**WHAT THIS TASK INVOLVES:** Each entry that follows should be retyped in full and exactly.
---*---
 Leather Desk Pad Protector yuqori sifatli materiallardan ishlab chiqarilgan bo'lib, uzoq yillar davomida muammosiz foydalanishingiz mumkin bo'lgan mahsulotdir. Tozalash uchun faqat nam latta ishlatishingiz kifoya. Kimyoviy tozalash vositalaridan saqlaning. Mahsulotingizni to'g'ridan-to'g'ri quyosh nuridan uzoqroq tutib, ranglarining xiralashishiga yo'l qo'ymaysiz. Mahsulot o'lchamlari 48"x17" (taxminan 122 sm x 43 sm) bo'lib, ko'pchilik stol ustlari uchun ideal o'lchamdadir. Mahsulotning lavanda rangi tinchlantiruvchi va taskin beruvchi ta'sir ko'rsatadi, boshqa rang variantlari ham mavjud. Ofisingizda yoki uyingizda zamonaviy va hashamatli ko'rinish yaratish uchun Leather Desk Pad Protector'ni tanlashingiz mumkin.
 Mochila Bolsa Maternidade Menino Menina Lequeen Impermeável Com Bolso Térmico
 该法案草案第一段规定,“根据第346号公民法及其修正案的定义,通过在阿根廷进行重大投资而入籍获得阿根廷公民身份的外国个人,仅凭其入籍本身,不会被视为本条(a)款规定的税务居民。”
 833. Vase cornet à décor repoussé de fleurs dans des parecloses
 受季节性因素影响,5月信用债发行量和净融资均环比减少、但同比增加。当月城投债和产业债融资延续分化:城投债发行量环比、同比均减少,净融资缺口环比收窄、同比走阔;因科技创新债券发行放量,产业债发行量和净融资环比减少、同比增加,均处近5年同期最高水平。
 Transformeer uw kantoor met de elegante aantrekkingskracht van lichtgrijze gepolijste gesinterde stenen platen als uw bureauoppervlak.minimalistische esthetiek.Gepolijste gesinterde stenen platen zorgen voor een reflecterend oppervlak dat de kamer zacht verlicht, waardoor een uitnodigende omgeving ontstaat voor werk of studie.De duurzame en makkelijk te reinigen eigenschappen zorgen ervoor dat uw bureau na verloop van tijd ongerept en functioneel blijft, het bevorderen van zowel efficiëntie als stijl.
---*---
**YOUR RESPONSE:**
 Leather Desk Pad Protector yuqori sifatli materiallardan ishlab chiqarilgan bo'lib, uzoq yillar davomida muammosiz foydalanishingiz mumkin bo'lgan mahsulotdir. Tozalash uchun faqat nam latta ishlatishingiz kifoya. Kimyoviy tozalash vositalaridan saqlaning. Mahsulotingizni to'g'ridan-to'g'ri quyosh nuridan uzoqroq tutib, ranglarining xiralashishiga yo'l qo'ymaysiz. Mahsulot o'lchamlari 48"x17" (taxminan 122 sm x 43 sm) bo'lib, ko'pchilik stol ustlari uchun ideal o'lchamdadir. Mahsulotning lavanda rangi tinchlantiruvchi va taskin beruvchi ta'sir ko'rsatadi, boshqa rang variantlari ham mavjud. Ofisingizda yoki uyingizda zamonaviy va hashamatli ko'rinish yaratish uchun Leather Desk Pad Protector'ni tanlashingiz mumkin.
 Mochila Bolsa Maternidade Menino Menina Lequeen Impermeável Com Bolso Térmico
 该法案草案第一段规定,“根据第346号公民法及其修正案的定义,通过在阿根廷进行重大投资而入籍获得阿根廷公民身份的外国个人,仅凭其入籍本身,不会被视为本条(a)款规定的税务居民。”
 833. Vase cornet à décor repoussé de fleurs dans des parecloses
 受季节性因素影响,5月信用债发行量和净融资均环比减少、但同比增加。当月城投债和产业债融资延续分化:城投债发行量环比、同比均减少,净融资缺口环比收窄、同比走阔;因科技创新债券发行放量,产业债发行量和净融资环比减少、同比增加,均处近5年同期最高水平。
 Transformeer uw kantoor met de elegante aantrekkingskracht van lichtgrijze gepolijste gesinterde stenen platen als uw bureauoppervlak.minimalistische esthetiek.Gepolijste gesinterde stenen platen zorgen voor een reflecterend oppervlak dat de kamer zacht verlicht, waardoor een uitnodigende omgeving ontstaat voor werk of studie.De duurzame en makkelijk te reinigen eigenschappen zorgen ervoor dat uw bureau na verloop van tijd ongerept en functioneel blijft, het bevorderen van zowel efficiëntie als stijl.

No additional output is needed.